OK, back to the reviewers.

--- Three comments by reviewer A addressed. Citation to Rozell and Johnston added, and associated caveat. Only thing I quibbled with was putting in too much detail on Zohary et al - to do it properly would take much more space, as I'd want to define some quantities slightly differently than they did for consistency. I think the place for that is a review on the role of correlations in population coding, which I intend to write one day. Cheers, Simon.

The article is very much improved. My only comments concern the new section on d'. I would elaborate a little more, mentioning that d' is used in psychophysics and where the Gaussian formula comes from (right now its appearance on the stage is very mysterious). You don't define P_C and erf() may be mysterious to some (much be an article about the Gaussian somewhere).

Onward!!

Done. I note that in the process, I found what I believe to be an error in Spikes (p. 241, should be phi(d'/2).

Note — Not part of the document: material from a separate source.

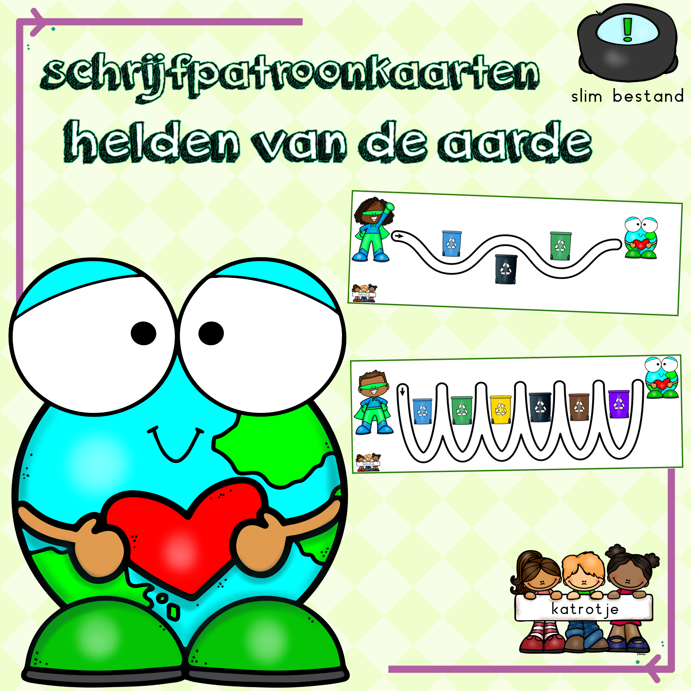 schrijfpatroonkaarten: helden van de aarde
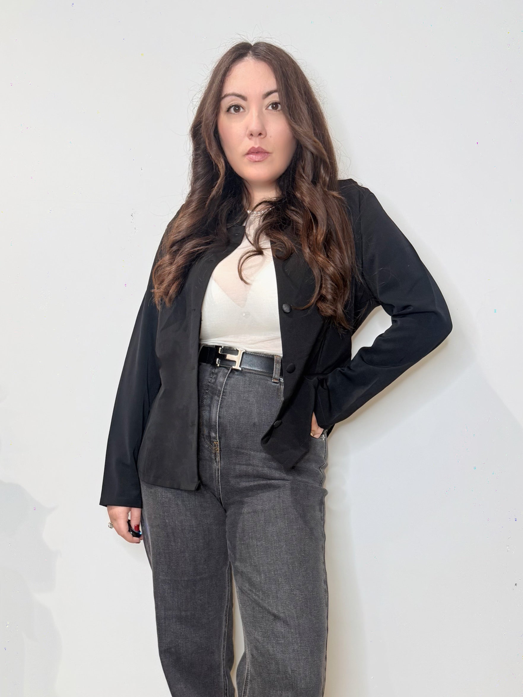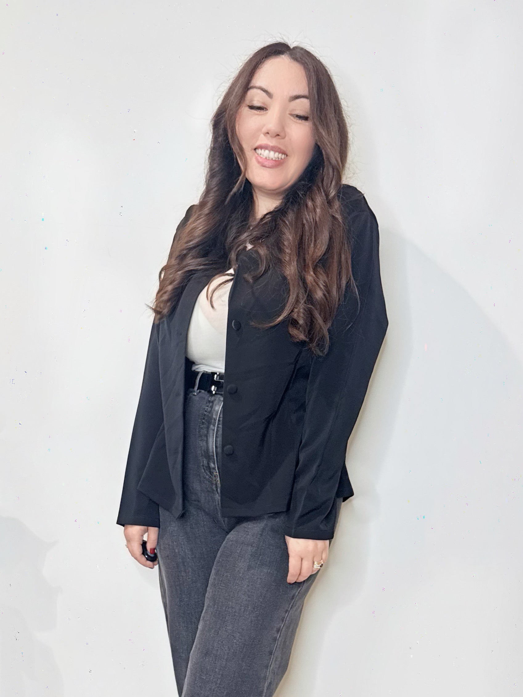 Essenziale camicia nera con collo alla coreana e bottoni foderati.

Correct calculation is in the revised main article here.

I think the article is in fine shape, and should become available.

A few minor suggestions:

In Section "Stimuli continuously varying in time":

The mean over trials of the output of this model is the average response shown by the solid line in Fig. 1B -> Change to: ... Fig. 1C

The use of the word "noise" in the term "white noise stimulus" can be confusing to someone not used to the jargon. I would prefer "fluctuating stimulus waveform" or something of that kind and keep the term "noise" specifically for the uncontrollable parts.

In Section "Relationship to discriminability" :

1 - mention that Pc is computed for the case of equal a priori chances for signal present or absent, and mention that therefore the prefactors for the two integrals in the first expression for Pc are (1/2) each.

2 – the factors 2*pi in the denominators of that same equation must each have a square root.